We all have to be careful at public places, rest God help! Just think 
about saving a life by forwarding this message. Please, take a few 
seconds of your time to pass along.

Kindly pass this to every one. Probably ur this can help some save his/her life!


----------



## sahil_blues (May 4, 2006)

this is so shocking!!....i am virtually at priya everyday!!!!!!!...OMG!!


----------



## mario_pant (May 4, 2006)

hey Very shocking indeed.....
anyways.. can anything be done if recognized instantanuously, like if tomorrow i get poked and there is a hospital within a 30 seconds run, can anything be done... like 100% blood transfusion or something? cost doesnt matter but really CAN ANYTHING BE DONE INSTANTLY?


----------



## rajas700 (May 4, 2006)

It's 100% FAKE AND FALSE NEW's............The virus will be dead when it come's out of the infected body within sometime........so noway to alive for many minute's..............so it's clear that it's 100% FAKE NEW's.......................


----------



## nitish_mythology (May 4, 2006)

I too got this mail...Its hard to believe!!!


----------



## nagarjun_424 (May 4, 2006)

Well, this is old news. It has been happening in USA since a couple of years. It has stopped now. But, it will not happen in India. I dont believe that it happened here.


----------



## mehulved (May 4, 2006)

It's totally false news just spread to create confusion among the crowd. It just isn't true. Please do not spread such a thing without confirming it's validity.


----------



## Raiden Bee (May 4, 2006)

Viruses aren't known to survive for long outside the host.
Even if they do.......we can keep calm and not copy+paste forwards in forums....


----------



## True Geek (May 4, 2006)

*sify.com/news/offbeat/fullstory.php?id=14144458


----------



## kjuvale (May 4, 2006)

rajas700 said:
			
		

> It's 100% FAKE AND FALSE NEW's............The virus will be dead when it come's out of the infected body within sometime........so noway to alive for many minute's..............so it's clear that it's 100% FAKE NEW's.......................

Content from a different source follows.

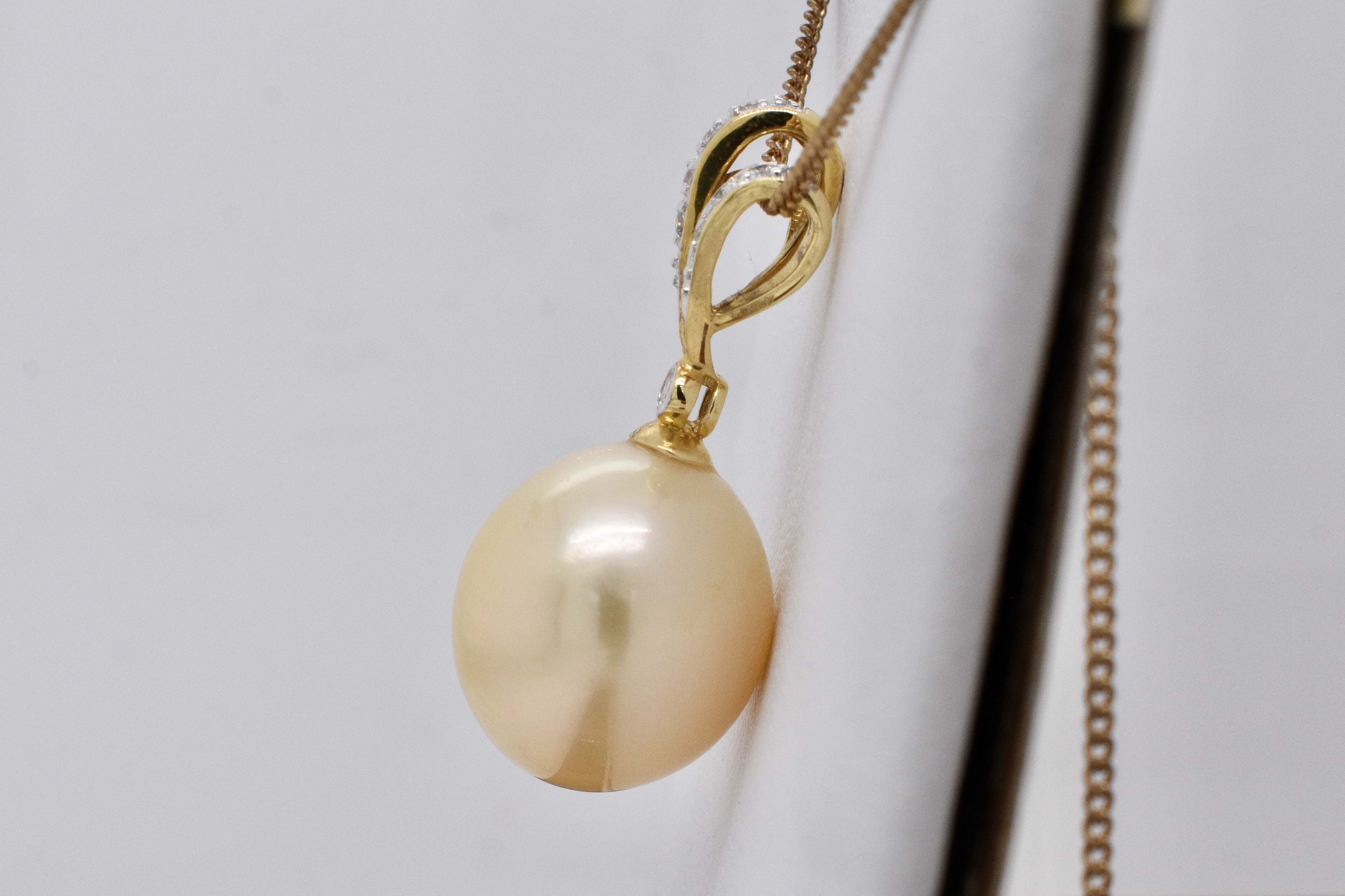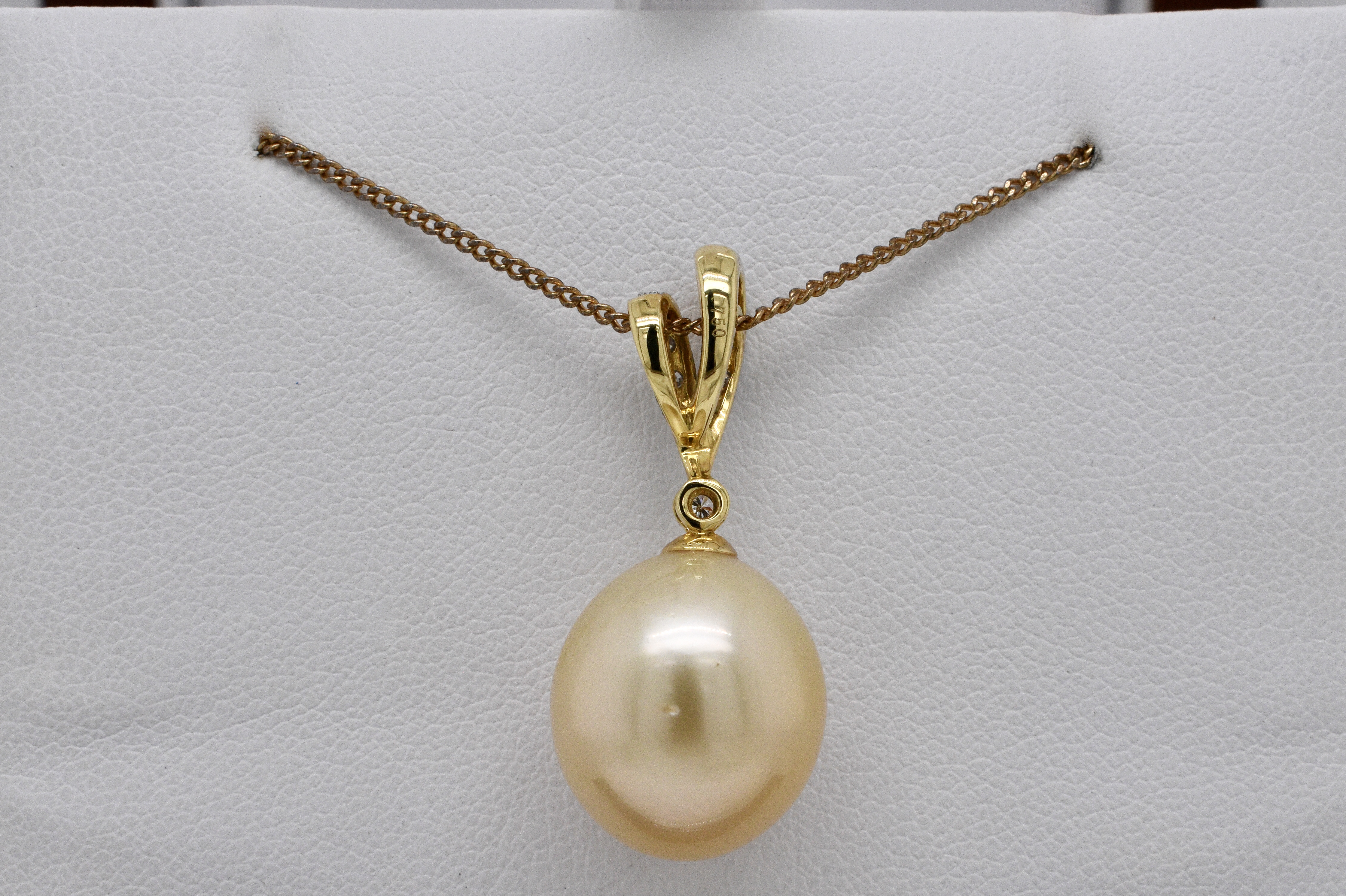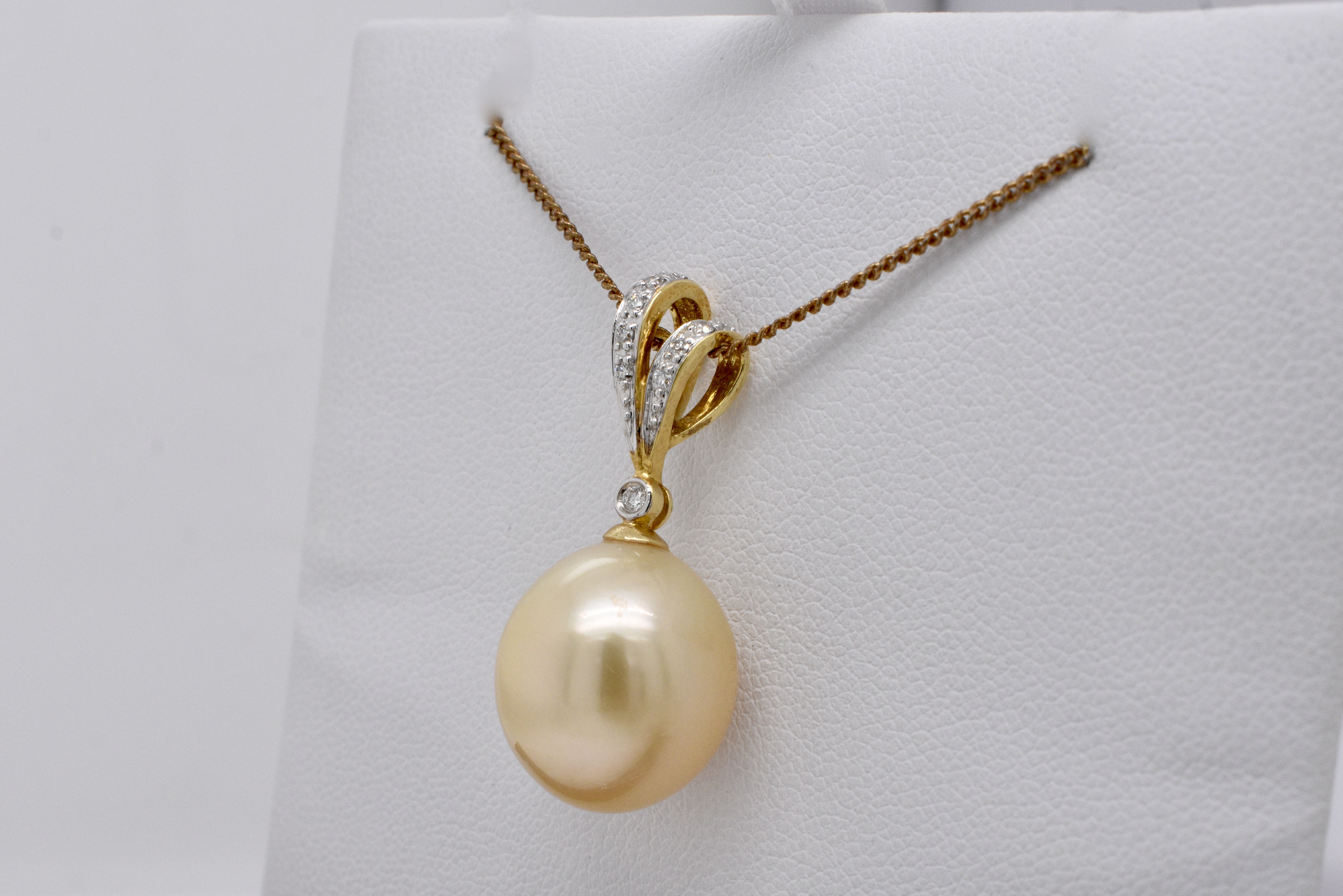 A stunning 18ct yellow gold pendant with a feminine diamond encrusted bale and featuring a gorgeous drop golden south sea pearl. Measuring 13-13.5mm and with 0.08cts of diamonds this pretty pendant looks beautiful when paired with a fine gold chain. Independent Valuation Supplied

 yes its true, the HIV (Human Immunodeficiency Virus) cant servive outside human body (blood). If the needles or syringes contains some ammount of blood then there is some possibility.


----------



## prasad_den (May 4, 2006)

kjuvale said:
			
		

> yes its true, the HIV (Human Immunodeficiency Virus) cant servive outside human body (blood). If the needles or syringes contains some ammount of blood then there is some possibility.


Its not just the HIV...Any virus always needs a live cell to survive in. Once out of a live cell, its survival is very less, unless it is crystallised by extreme cold...!!!


----------



## Nimda (May 4, 2006)

The Priya incident is true AFAIK. But this happened like half a decade ago. But still I do check the seats before sitting at Priya


----------



## djmykey (May 6, 2006)

Whao man I was shocked to my bone by reading the first 5 posts. Then I read the sify post and was relaxed. Man I still dint do anything in my life do die like this if at all this is true.


----------



## infra_red_dude (May 24, 2006)

prasad_den said:
			
		

> Its not just the HIV...Any virus always needs a live cell to survive in. Once out of a live cell, its survival is very less, unless it is crystallised by extreme cold...!!!

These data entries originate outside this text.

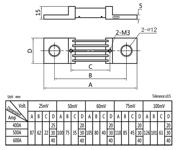 • .Temperature rise: Electrify the shunt with rated current for 2hr, test it after temperature rising stable, the temperature rise should be≤80K when the rated current under 100A; and should be ≤120K when the rated current higher than 100A.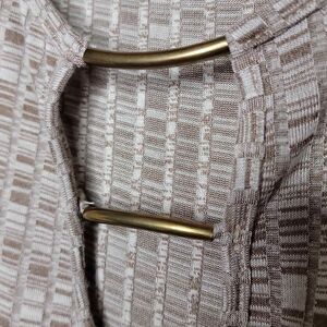 Side Slit, Curved Hem, Short Sleeve, Dress, Sweater, Gold Bars, V Neck, Cutout Neckline, Rounded Hem, Knit, Casual, Everyday, Tunic Style, Stretch, Polyester, Rayon, Spandex, Textured, Heathered, Brown, Tan, Fall, Spring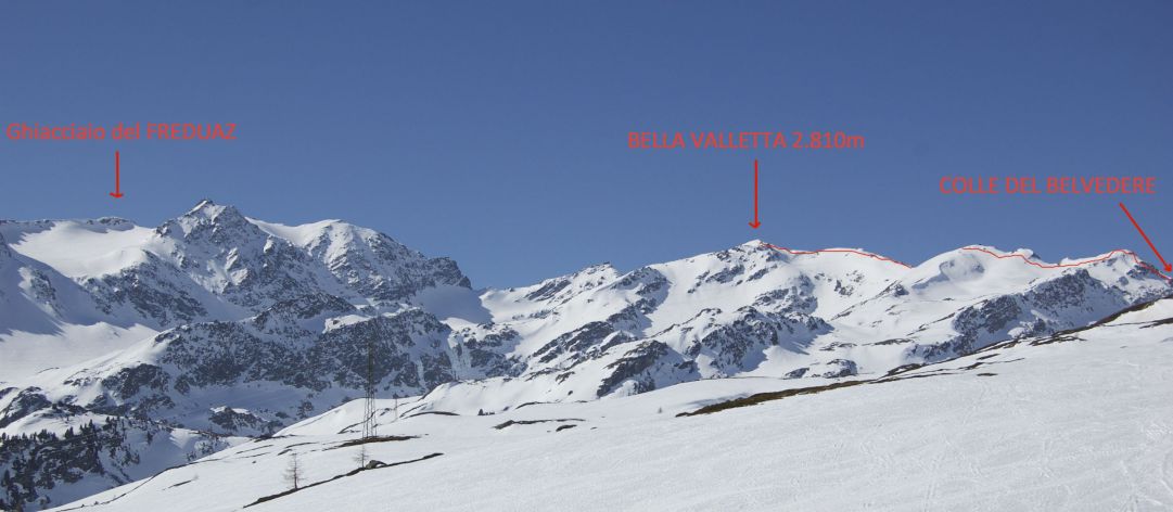 La nostra gita parte dal Colle del Belvedere a quota 2.588 metri sul confine italo-francese, di fronte al Monte Belvedere 2.641 metri e zona di arrivo della sciovia francese Bellecombe II. Nella prima parte si procede a piedi lungo uno spartiacque naturale (nel caso anche con ramponi) e arrivati al primo step in quota si potrà procedere mantenendo la linea delle rocce che coincide col confine transfrontaliero.

a virus needs a cell to replicate, NOT to survive! this is the basic difference between a virus and other microorganisms! others like the bacteria, protista (amoeba, euglena etc). need a medium. if they do not get it, they die. only freezing can preserve them.

but this is not the case wid virus! when outside the cell, viruses are dormant. they are NOT dead! that is why viruses are called the missing link between the living and the dead and hence the hue and cry in the classificatin of virus in the living kingdom!


----------



## mehulved (May 24, 2006)

infra_red_dude said:
			
		

> that is why viruses are called the missing link between the living and the dead and hence the hue and cry in the classificatin of virus in the living kingdom!

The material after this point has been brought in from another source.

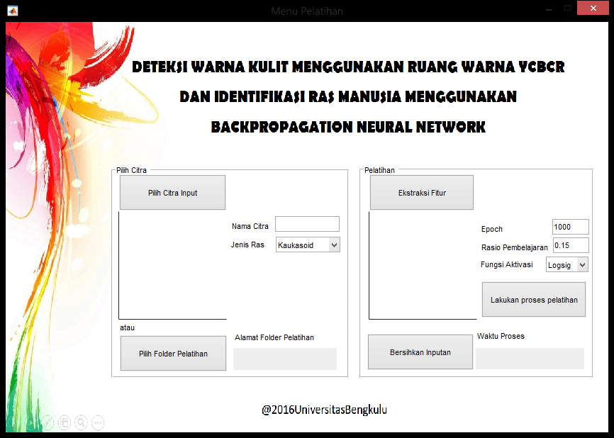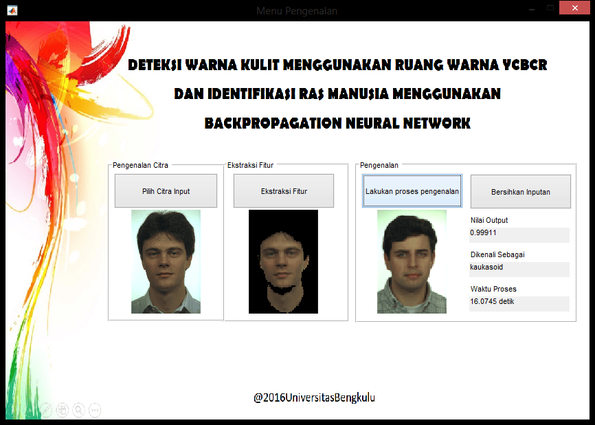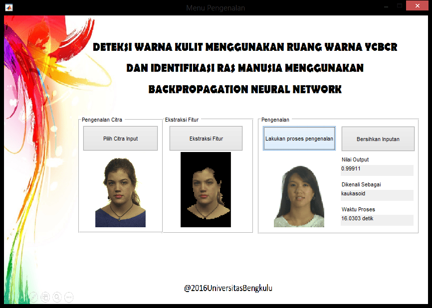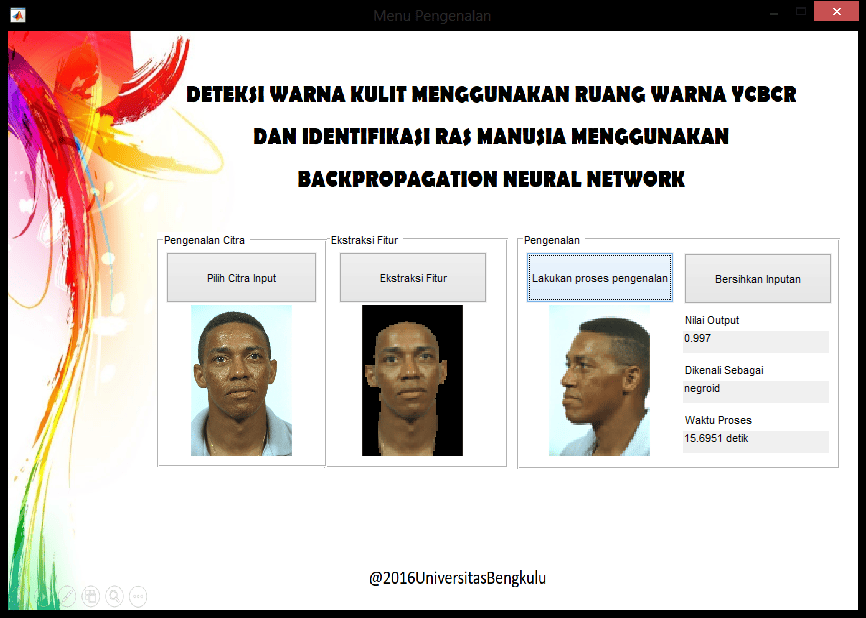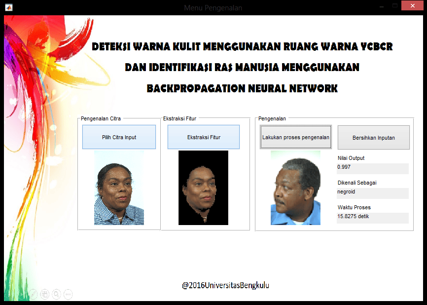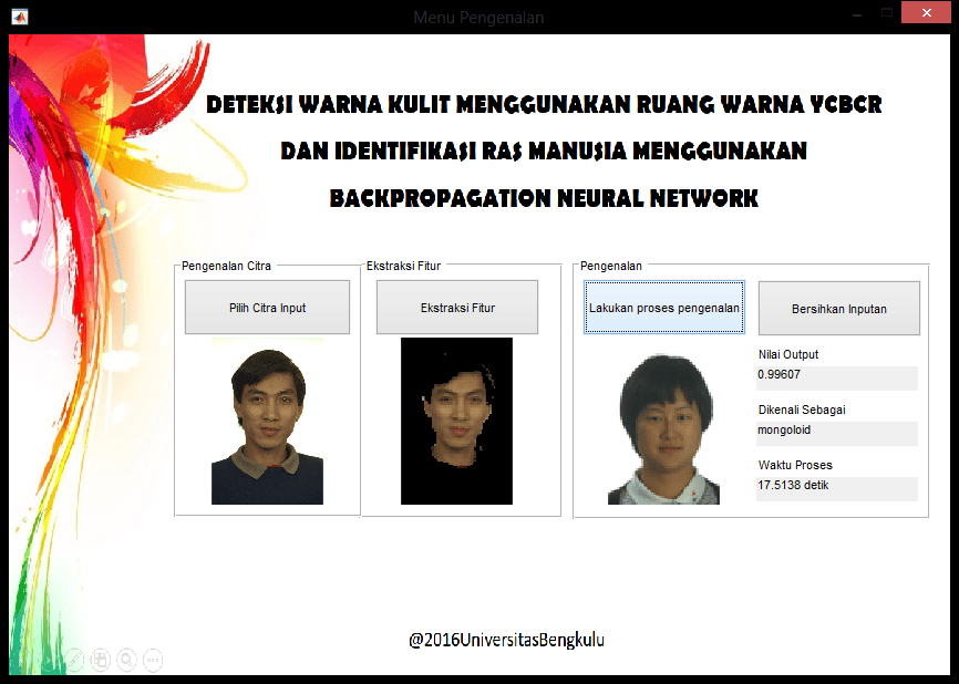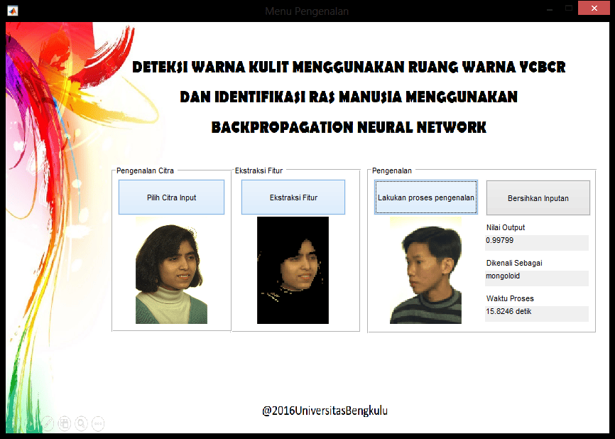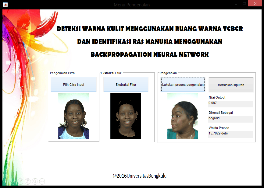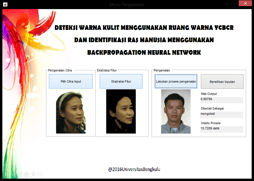 | Ada berbagai data citra manusia yang dikategorikan ke dalam 3 ras, yaitu Kaukasoid, Mongoloid, dan Negroid. Pada figure pelatihan, masing-masing data citra yang terpilih akan disimpan ke dalam database, dan kemudian akan langsung dilatih untuk mendapatkan nilai bobot pelatihan. Selanjutnya pada figure Pengujian, akan diinputkan citra manusia yang belum diketahui ras nya, dan sistem akan melakukan perhitungan untuk mendapatkan nilai output dengan menggunakan nilai bobot hasil pelatihan dari masing-masing ras. Ras yang memiliki nilai output yang paling mendekati angka 1 akan terpilih sebagai jawaban. Metode yang digunakan adalah metode Ruang Warna YCbCr dan Back-Propagation. Tutorial dari masing-masing metode dapat dilihat pada link diatas. | |

Hey _Virus_ come here and clarfy please  .


----------



## ~Phenom~ (May 24, 2006)

My blog is no more mine.


----------



## Akhil Jain (May 24, 2006)

i was really shocked reading first post

i was surprised by follow ups 

i was  scared untill i read sify post

i was then curious , confused

i was relaxed hearing its fake

i went calm reading that they die outside body

but 2 more posts in favour that they r linking btw living and dead raise my hairs again

now is there any doctor or specialist who wud tell us truth and .........


----------



## anandk (May 25, 2006)

...any either ways, next time onwards, i am going to check my cinema seats first...


----------



## cool_dude_prav (May 25, 2006)

haha... i dont goto theatres, just wait for it to be shown on StarMovies/HBO, etc. as I am not much of a movie buff...

But still, such rumours can cause people away from theatres and cause lotsa havoc. as the sify post reads, it is definitely caused by Sadists... or rather I would call them friendless and heartless fools, coz even if they had one of the two, they would not have started such hoaxes....

Prav.


----------



## vish786 (Nov 19, 2007)

(((((( Bump ))))))... Wanna spread AIDS awareness to more ppl & remind those who have forgotten to 

check their seats .


----------



## [xubz] (Nov 19, 2007)

Eeek! A Forward! I know exactly what to do for a Forward!

Send the Message below to whomever sends forwards those annoy you! (If they annoy you, Annoy them more!)



> I want to thank all my friends and other unknown people who have forwarded chain letters to me.
> 
> Because of your kindness:
> 
> ...



Spreading my awareness to more people to help STOP Forwards

Regards


----------



## $$Gururaj$$ (Nov 19, 2007)

Old Old Shreiked The Owl (lol)


----------



## Kiran.dks (Nov 19, 2007)

Another BUMPER


----------



## victor_rambo (Nov 19, 2007)

Well guyz, you techies had your chance of speaking about this.

Now listen carefully to what I am speaking ( I am a medical student from J.J. Hospital, Mumbai ):

Such exposures to the pathogen are termed as 'accidental exposures'. They are likely among health care workers too when due precautions are not observed.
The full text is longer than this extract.